Has anyone converted an Aristo Dash 9 to an unpowered "dummy" unit by modifying the power trucks and taking some weight out?


----------



## Randy Stone (Jan 2, 2008)

I have a Dash 9 that I've added a sound, Revo and battery. I don't have one gutted. 

But why do you want to gut your Dash 9 and make it a dummy unit that you have to drag around with another loco?


----------



## daveroesler (Jul 25, 2009)

I run a 30 car coal train with 2 powered Dash 9's up front and one powered Dash 9 pushing in the rear. I have an extra Dash 9 and rather than messing with all the electronics and stuff to include it in the 3-engine MU, I had a thought to maybe just let the 4th one run along at the back with the other one. Crazy sounding I know but right now I'm just wondering. Don't know that I would actually do it anyway but didn't know if anyone had ever tried this. It would be just for looks I guess. I just got back from a tour of the Powder River Basin and saw a number of trains with 2 Dash 9's pushing.


----------



## eheading (Jan 5, 2008)

I have never "gutted" a Dash 9, but I did a similar thing some time back with a U25B locomotive. Two free up the wheels I went in the motorblocks (only 2 axles on mine) and took out one of the gears inside of each little cube, which is the gearbox. This worked fine for me. I would think you could do the same thing with the Dash 9 as it has the same little gearboxed in it.

Ed


----------



## Randy Stone (Jan 2, 2008)

OK, with all the motive power I see why you're thinking of gutting one. 
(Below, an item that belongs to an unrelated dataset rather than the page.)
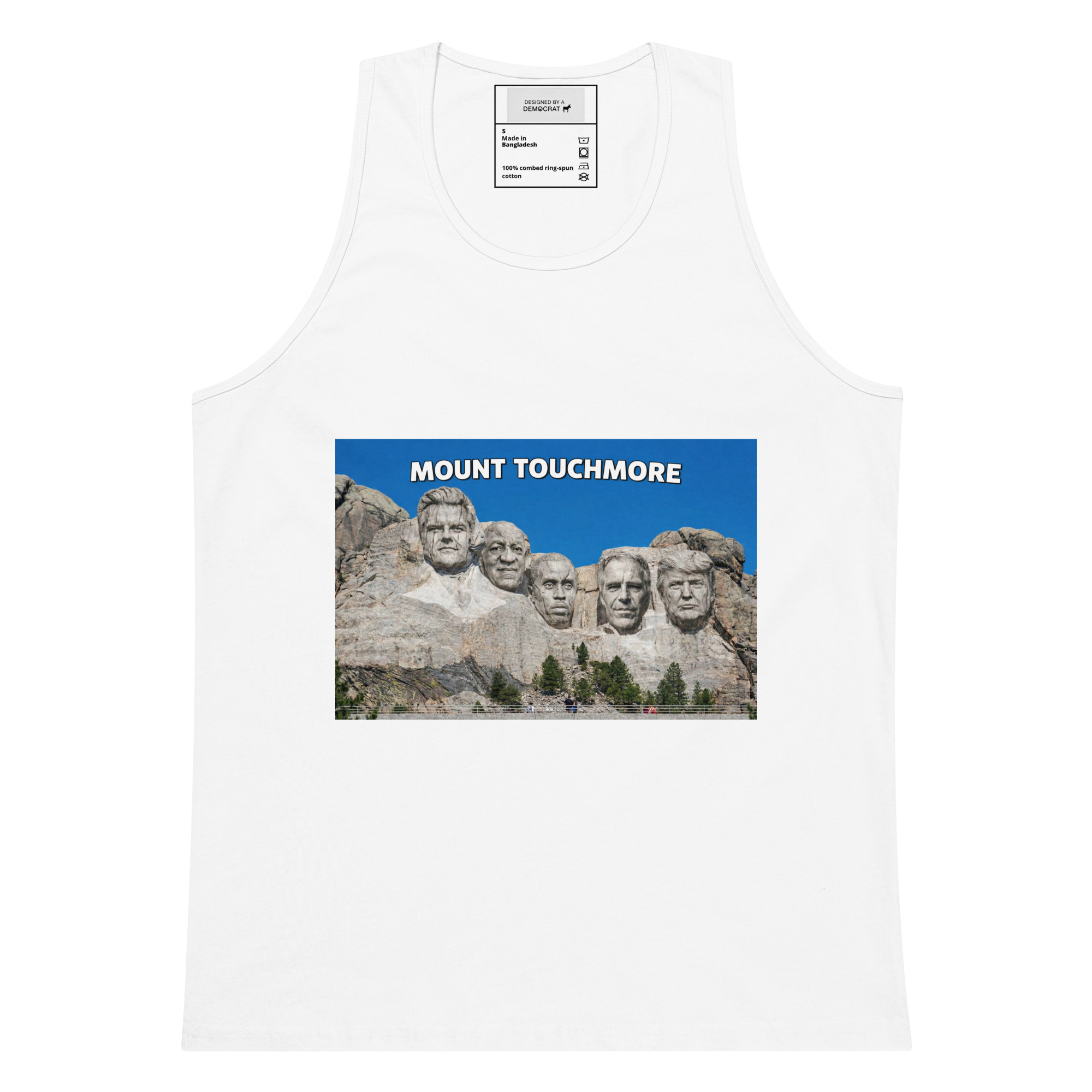 The Mount Touchmore design hits a little different on a tank. Same bold, satirical artwork, but built for warm days, workouts, and anywhere sleeves would just get in the way. It’s sharp enough to stand on its own and comfortable enough to live in.

As for freeing up the wheels, the trucks have three axles with a motor between each axle. You'll have to split the gear boxes, remove the motos and then either remove the gears on the motor shafts or leave the motors out completely.


----------



## SD90WLMT (Feb 16, 2010)

Geeeeeeee Z ..mmm I mean kind of over kill in the loco dept. Isn't it? 
4 locos for 30 cars.....7.5 cars per loco, or so! 
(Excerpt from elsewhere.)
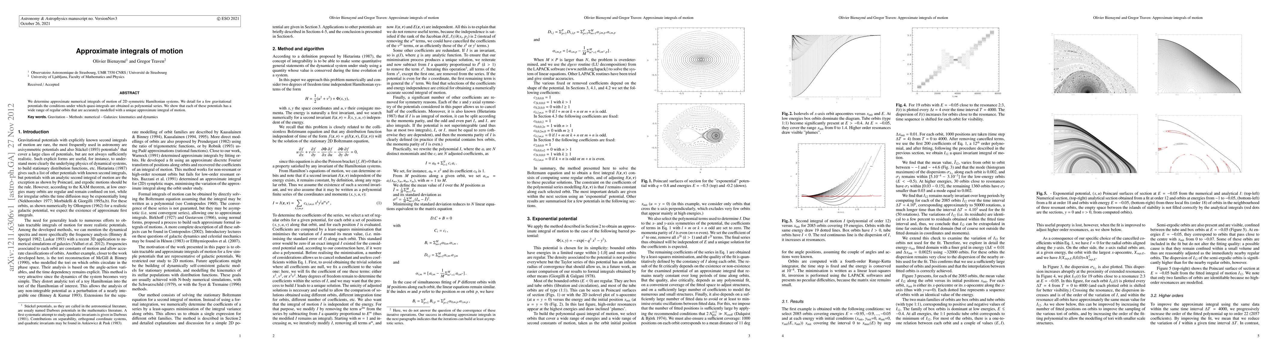 We determine approximate numerical integrals of motion of 2D symmetric Hamiltonian systems. We detail for a few gravitational potentials the conditions under which quasi-integrals are obtained as polynomial series. We show that each of these potentials has a wide range of regular orbits that are accurately modelled with a unique approximate integral of motion.

I do 70 cars with 1 loco.... 
Come on stretch it out some here.....!!!!!! 

OK...Have FUN with your extra power assigment.  

Dirk


----------



## Scottychaos (Jan 2, 2008)

Well..in the prototype world, three or four units on a mainline train is quite common.. 
So why wouldnt we want to model that? 
But few people are going to be able to run 200 cars behind those four units..so it makes sense, in the model train world, to have three or four diesels, 
but only 30 cars behind them.. 

In model railroading, for all scales, its much easier to model a prototypically accurate 
multiple-unit diesel lashup, than it is to model a prototypically accurate length train. 

I am also planning to create dummy units.. 
I have four quite old Aristocraft Alco FAs in the LV paintscheme, an ABBA lashup. 
They all have the "old style" aristo power bricks.. 
I was given two new "2nd generation" Aristo bricks, im going look for two more, completely gut all four units, 
do the surgery to lower the shells (the old style FA's sit too high), install new bricks in only two of the four units, 
and run an ABBA set with only two units powered.. 
and im going to battery power them, so powering only two units will be much easier and cheaper than four.. 
and I wont *need* four powered units! because two powered units will still pull as long of a train as I am ever likely to want to, 
or be able to run.. 

I wish dummy diesels were available in large scale! I would gladly pay less for some un-powered units.. 
(but the manufacturers say they cant do it, because the power bricks are just a small part of the overall cost of a locomotive, 
so it doesn't make economic sense for them to offer unpowered units, which makes some sense I suppose..) 

But there are a lot of benefits to having some dummy units in a multiple unit lashup.. 
we dont always need the power..and less motors can be a definite plus. 
Scot


----------



## NTCGRR (Jan 2, 2008)

I have been running unpowered units for a long time. Most of my 3rd units in lash ups are non-powered. Simply remove worm gear in truck and turn motor off.


----------



## eheading (Jan 5, 2008)

You say it so much more succinctly than I do, Marty. That is what I was trying to say, but you said it with about 1/4 of the words!!!

Ed


----------



## D-n-H - Kirkville Branch (Jan 14, 2008)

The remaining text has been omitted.